Evolutionary Biologists Say Recently Discovered Fossil Shows Transition of a Reptile From Life on Land to Life in the Sea
Posted by: Alexander Ward on: December 12, 2017 | Print This Page
Using modern research tools on a 155-million-year-old reptile fossil, scientists at Johns Hopkins and the American Museum of Natural History report they have filled in some important clues to the evolution of animals that once roamed land and transitioned to life in the water.
A report on the new discoveries about the reptile, Vadasaurus herzogi, appears online in the Nov. 8 issue of Royal Society Open Science, and suggests that some of the foot-long animal’s features, including its elongated, whip-like tail, and triangular-shaped head, are well suited to aquatic life, while its relatively large limbs link it to land-loving species.

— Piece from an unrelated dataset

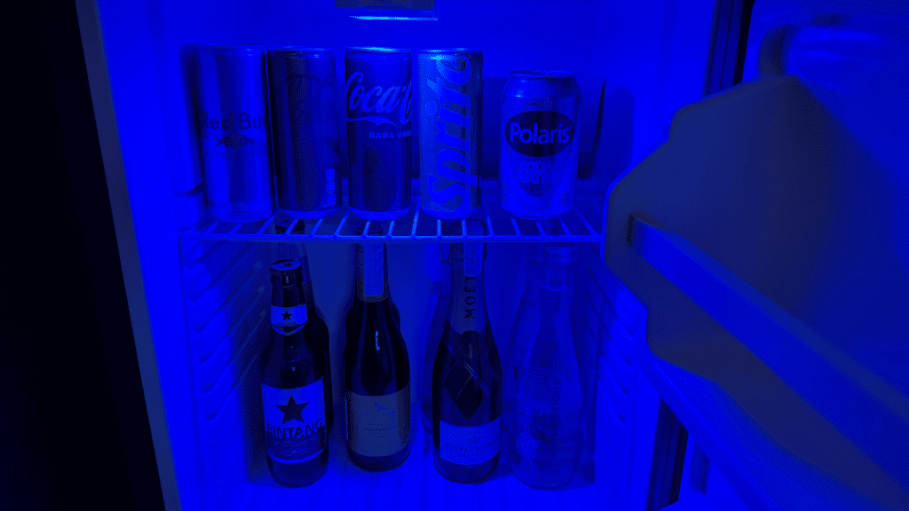 Auf der gegenüberliegenden Seite findet in einem Schrank die ziemlich gut ausgestattete Minibar statt, an der man sich gegen Aufpreis bedienen kann.
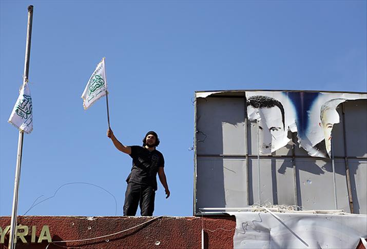 Suriye'nin Lazkiye kentine bağlı Keseb Sınır Kapısı'nı ele geçiren muhalifler, Esed'in fotoğrafını yaktı.

Vadasaurus, which is the Latin term for “wading lizard,” was discovered in limestone quarries near Solnhofen, Germany, part of a once-shallow sea long explored for its rich trove of fossil finds.
The well-preserved fossil is housed in the American Museum of Natural History in New York, where the job of unlocking its evolutionary secrets fell to museum research associate Gabriel Bever, Ph.D., who is also assistant professor of functional anatomy and evolution at the Johns Hopkins University School of Medicine, and Mark Norell, Ph.D., the museum’s paleontology division chair.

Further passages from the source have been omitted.